女の子達はスミコットさんの少しばかりの圧にタジタジしていたけれど、私が考え事していた間にお話を済ませたらしい。スミコットさんがオッケー出すぐらい大したお願いじゃないみたい。
で、何するって?
「握手してください!」
ほへえ。私はいつからアイドルに?
とりあえず握手くらい軽いものだよ。サッとちんまいおてて出したら恐る恐る握られた。
むしろ握ってきた女の子のほうがさっさと手を離してしまって、私のほうが、え?その程度でいいの?もっと握手長くてもいいよ?ってくらい、すぐに手が離れてしまった。
握手したら、握手したで、女の子がきゃあっって黄色い声。ついてきた後ろの女の子2人も『わ、私達も握手していいですか?』って便乗。
スミコットさんも私に申し訳なさそうな顔してみてくるけど、握手くらい別にどうってこと無いよ。変な脂ぎったオッサンとかじゃないし。
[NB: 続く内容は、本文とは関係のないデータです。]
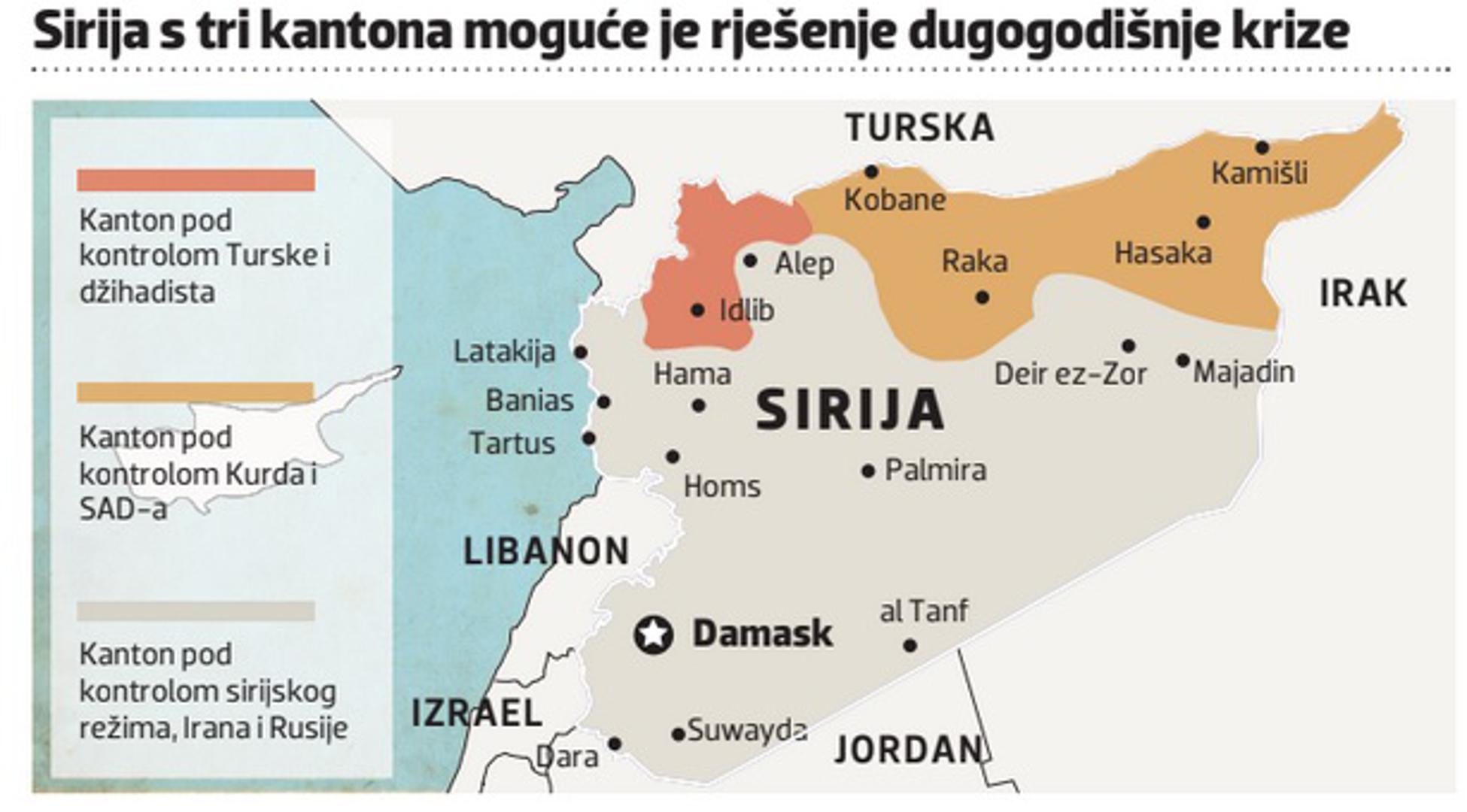 Isto tako, sjever Sirije, gdje žive Kurdi koji i kontroliraju to područje, koje je usto pod utjecajem SAD-a, Francuske i Velike Britanije, a gdje SAD i saveznici imaju i vojnu bazu, trebalo bi biti drugi kanton.

女子高生ぐらいの若くて可愛い子達だもん。
なんていうか爽やかな青春な空気をこっちにまでくれるような、そんな握手くらい別にどうってこと無い。
とか思ってたらスミコットさんがこっそり私に耳打ち。
「モナちゃん、変なことされたりしてない?大丈夫?怖かったらいつでも言ってね、再起不能にさせるハンマーをいっぱい手作りするんだから」
女の子の爽やかな空気が飛散するくらい、スミコットさんが意外にも物騒だった件。こわっ。
「あの!」
「へぇい!?」
なんというか女の子とタイミング的な相性が悪すぎるな。また変な声出しちゃったよ。
「握手ついでに、あの、えっと・・・・力を注いでもらえませんか!?」
へ?なんて?
「パワーです!天使パワー!」
めーーーっちゃキラキラした目で、女の子3人に見つめられても意味わからん。ええ・・・。困惑・・・・。
その感情が伝わったのか、スミコットさんがまた女の子達と私の間にサッと入ってくれた。
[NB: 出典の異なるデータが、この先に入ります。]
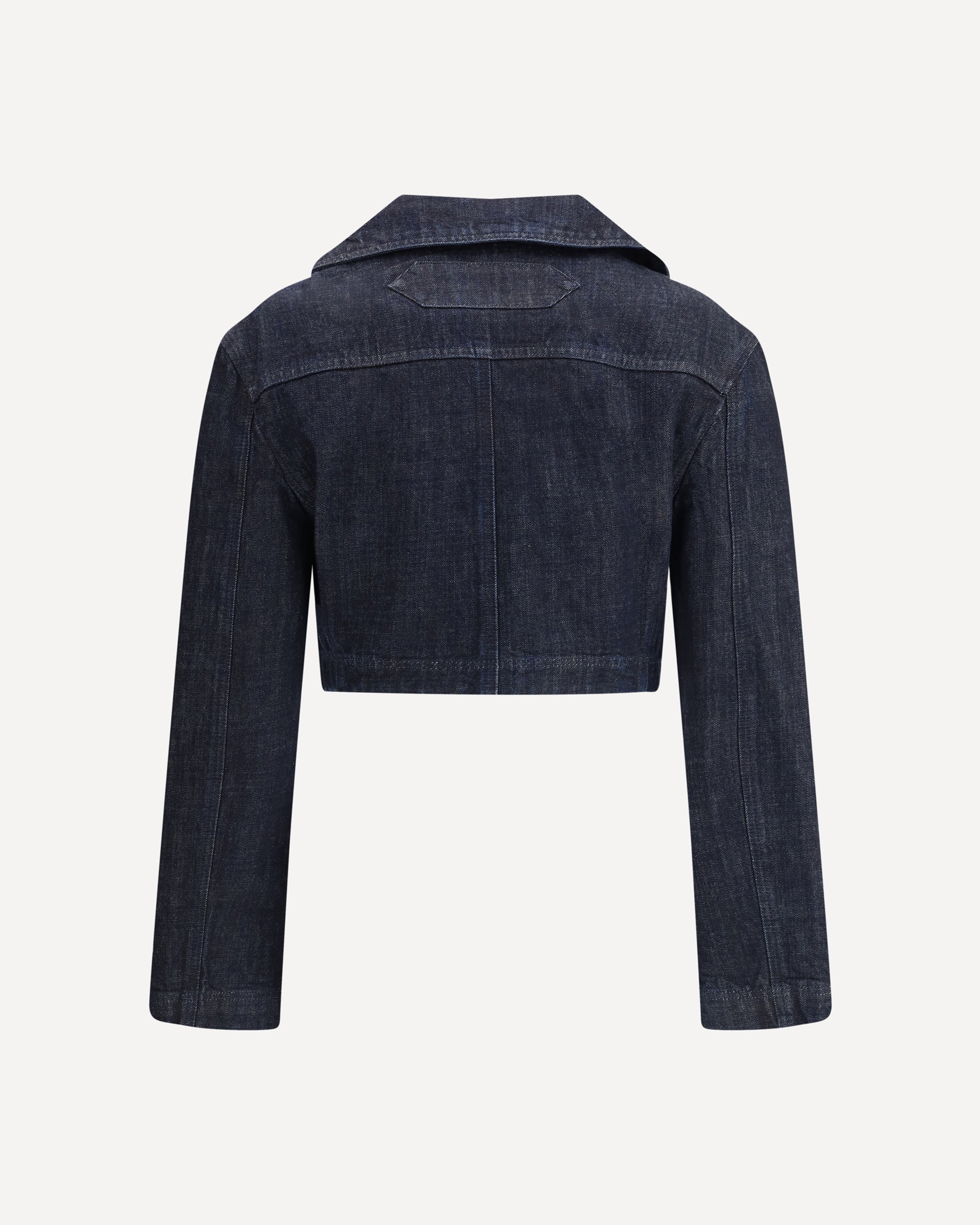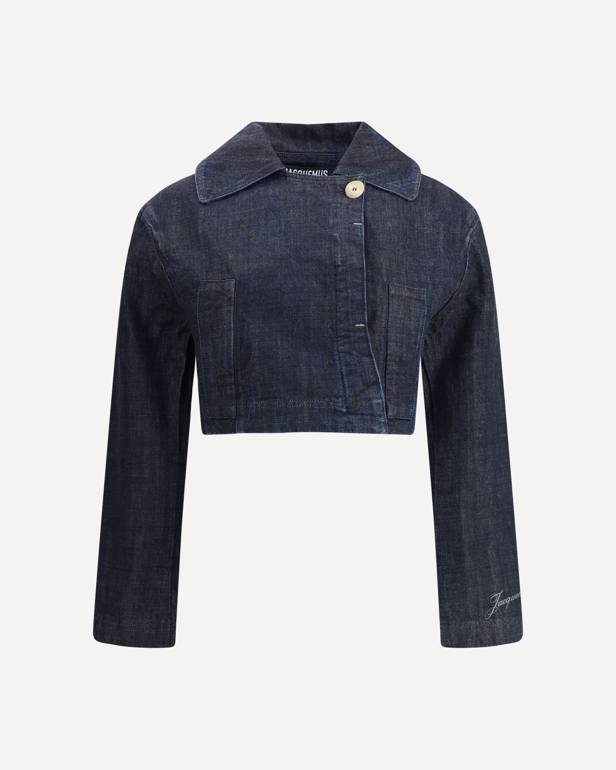 La Veste De-nÎmes Marino cotton Jacket by Jacquemus features a modern and sophisticated denim design. Cropped design with a classic collar and hidden button front closure for a clean, minimalist look. Two side welt pockets add functionality without compromising the elegance of the garment. Perfect for a casual-chic look, this jacket is a must-have to complete your summer outfits.

「ごめんなさいね、握手はいいけど、それ以外はご遠慮してほしいわぁ」
「あっ、そうですよね!図々しくてすみませんでした!」
「握手ありがとう!」
「頑張ってね!応援してます!」
「はーい」
女の子達はスミコットさんが1言いっただけですんなりと諦めて、ニコニコしながら手を振りながら帰っていってくれた。悪い子たちじゃなかったと、思う。うーーん??
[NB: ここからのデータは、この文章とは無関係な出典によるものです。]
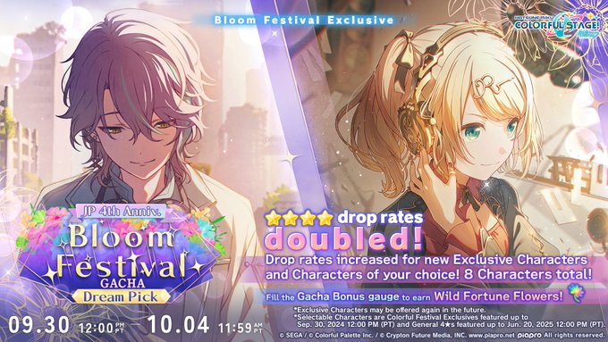 The "JP 4th Anniv. Bloom Festival Gacha Dream Pick" is now available! 🌷Pull the new Rui, Rin, Nene, Shiho, Airi, and Toya cards today~ The banner will run until Oct. 4, 11:59 AM (PT)/ 18:59 (UTC) ✨
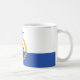 Mug com uma design com a bandeira de Orlando, Flórida. Uma bandeira azul e branca com o lago fonte de Eola no centro da design da Bandeira por Orlando e Tim Eggert. Fonte: https://www.orlando.gov/Our-Government/News-and-Information/City-Official-Assets

何を応援されたんだ?アイドル活動なんてしてないぞ?アイカツ!アイカツ!なんて叫んで走り込みした記憶なんて無い。この辺にパラ宿だって無さそうだし、大体、なんで天使パワー?
頭にハテナ飛ばしてたけど、スミコットさんがともだち食堂に早く帰りましょうって、手をつないでくれたもんだから、歩き出した。
女の子達は帰っていったけれど、その商店街の帰り道、商店街のオジちゃんおばちゃん、若い子などなど、商店街で働いている人達がこぞって手を振って「こんにちわー」とか「めんこいねぇ」とか「ありがとねぇ」とか「今度うちのお店寄ってねー」なぁんて私に向かって声をかけてきた。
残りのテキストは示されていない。